Personal information
- Full name: Bruce Wotherspoon Scharp
- Born: 24 May 1905 Kew, Victoria
- Died: 11 April 1980 (aged 74) Sacramento County, California
- Original team: Kew (MAFA)
- Height: 175 cm (5 ft 9 in)
- Weight: 87 kg (192 lb)

Playing career^{1}
- Years: Club / Games (Goals)
- 1930–31: Carlton (VFL) / 07 (1)
- 1933: Hawthorn (VFL) / 01 (0)
- 1933: Fitzroy (VFL) / 02 (0)
- Total:  / 10 (1)
- ^{1} Playing statistics correct to the end of 1933.

= Bruce Scharp =

Australian rules footballer, born 1905

Bruce Wotherspoon Scharp (24 May 1905 – 11 April 1980) was an Australian rules footballer who played with Carlton, Fitzroy and Hawthorn in the Victorian Football League (VFL).

==Family==
The son of Louis Bernard Scharp (-1933), and Kate Stewart Scharp, née Wotherspoon, Scharp was born in Kew, Victoria on 24 May 1905.

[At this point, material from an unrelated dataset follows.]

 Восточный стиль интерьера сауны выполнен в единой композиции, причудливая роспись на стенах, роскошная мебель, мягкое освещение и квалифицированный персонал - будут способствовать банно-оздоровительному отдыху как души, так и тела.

Scharp came from a family who were well known for their sporting prowess, with his father achieving great success as a bicycle rider including winning the Austral Wheel Race.

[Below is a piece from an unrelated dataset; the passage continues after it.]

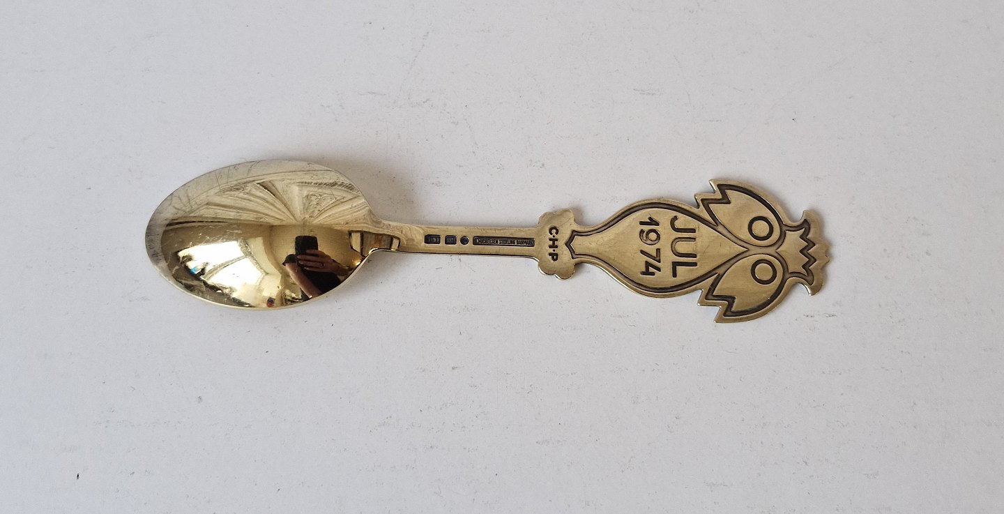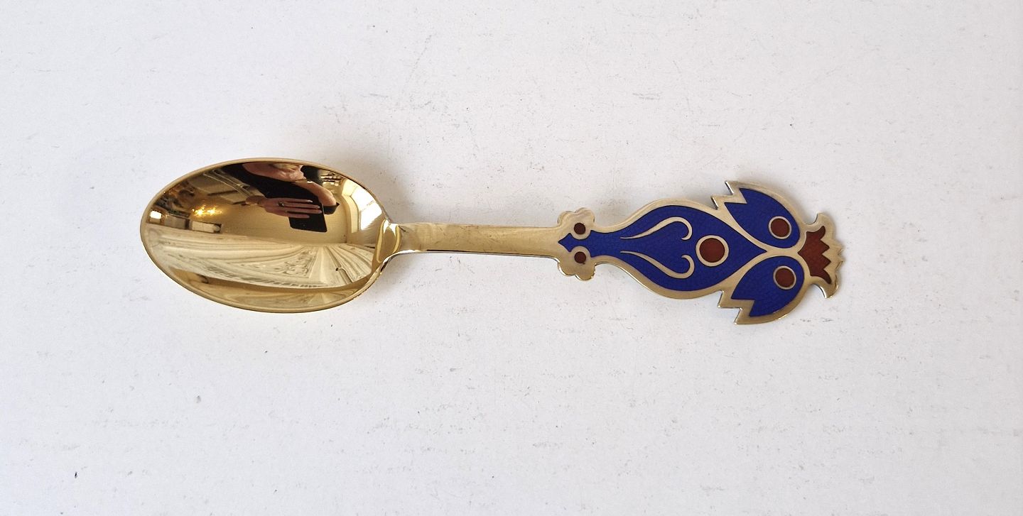 Text zugänglich auf Dänische: A.Michelsen juleske i forgyldt sterlingsølv med emalje 1974

Scharp had an elder sister, Blanche Marshall, née Scharp, a younger brother Louis and younger sister Jean Eakins, née Scharp. Scharp also had elder twin half brothers Eric and Ivo Scharp from his father's first marriage to Blanche Scharp, née de la Fontaine.

==Football==
===Carlton (VFL)===
On 30 August 1930, Scharp made his debut for Carlton against the St Kilda Football Club in the Victorian Football League (VFL). He kicked one goal.

===Hawthorn (VFL)===
On 27 April 1933, Scharp was cleared from Carlton to the Hawthorn Football Club in the Victorian Football League (VFL).

===Fitzroy (VFL)===
On 14 June 1933, Scharp was cleared from Hawthorn to the Fitzroy Football Club in the Victorian Football League (VFL).

===Sandringham (VFA)===
On 27 April 1934, Scharp was cleared from Fitzroy to the Sandringham Football Club in the Victorian Football Association (VFA).

===Yarrawonga (OMFA)===
On 17 April 1935, Scharp was cleared from Sandringham to the Yarrawonga Football Club in the Ovens & Murray Football Association (OMFA).